Ignore the pictures in the data below and set down exactly the lines from its first line through the line containing "At Georgia Power, we're".
########################################
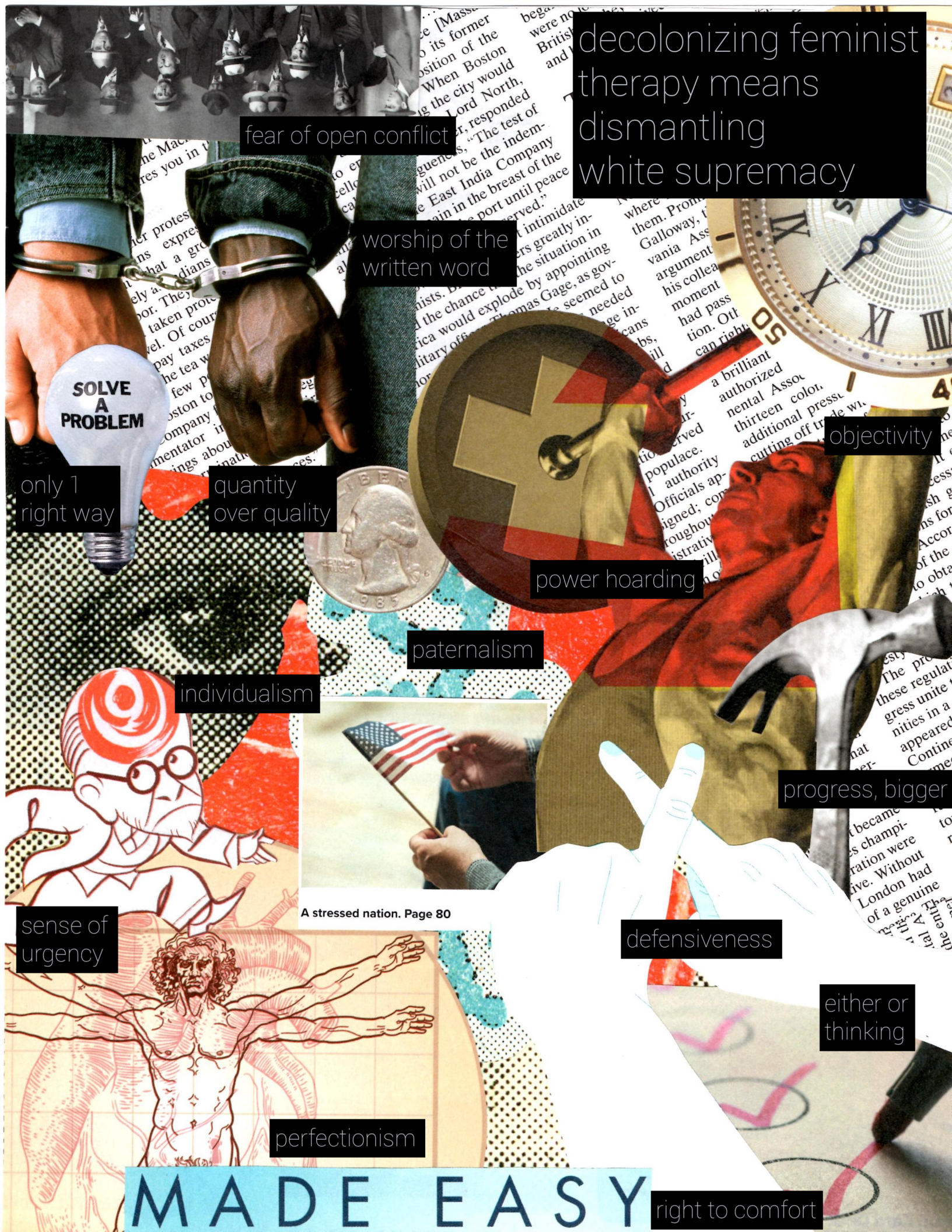
A stressed nation. Page 80
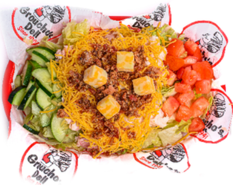
My Wife's Salad
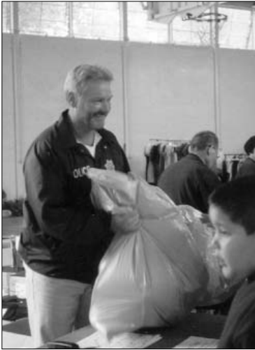
Kids check out with everything needed to start school.
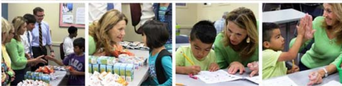
Participating in the After School Snack Program at the Village Branch Library.

I appreciate the invitation to participate in such a worthwhile community program and the opportunity to help create a movement throughout the month of September that has a real and lasting impact on God's Pantry's mission to help end hunger in Central and Eastern Kentucky.
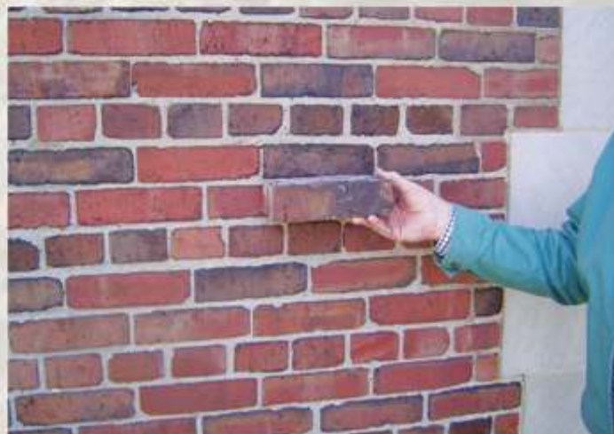
Antique Brick Matching Lake Forest, IL
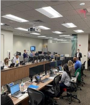
Utilities and Coordinated Operations and Coordinated Planning

At Georgia Power, we're continuously planning and making critical, essential investments to meet our customers' evolving needs today and for years to come.
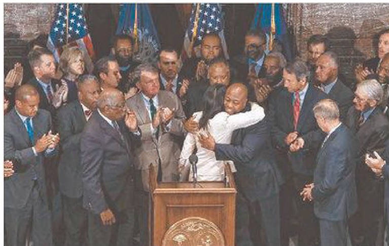
South Carolina Gov. Nikki Haley embraces U.S. Sen. Tim Scott during a news conference in the South Carolina Statehouse on Monday in Columbia. Haley said the Confederate flag should be moved from the grounds of the state Capitol, taking her position on the divisive symbol amid growing calls for it to be removed.

State's 2 U.S. senators join push in wake of Charleston massacre
########################################
**Output**
A stressed nation. Page 80
My Wife's Salad
Kids check out with everything needed to start school.
Participating in the After School Snack Program at the Village Branch Library.

I appreciate the invitation to participate in such a worthwhile community program and the opportunity to help create a movement throughout the month of September that has a real and lasting impact on God's Pantry's mission to help end hunger in Central and Eastern Kentucky.
Antique Brick Matching Lake Forest, IL
Utilities and Coordinated Operations and Coordinated Planning

At Georgia Power, we're continuously planning and making critical, essential investments to meet our customers' evolving needs today and for years to come.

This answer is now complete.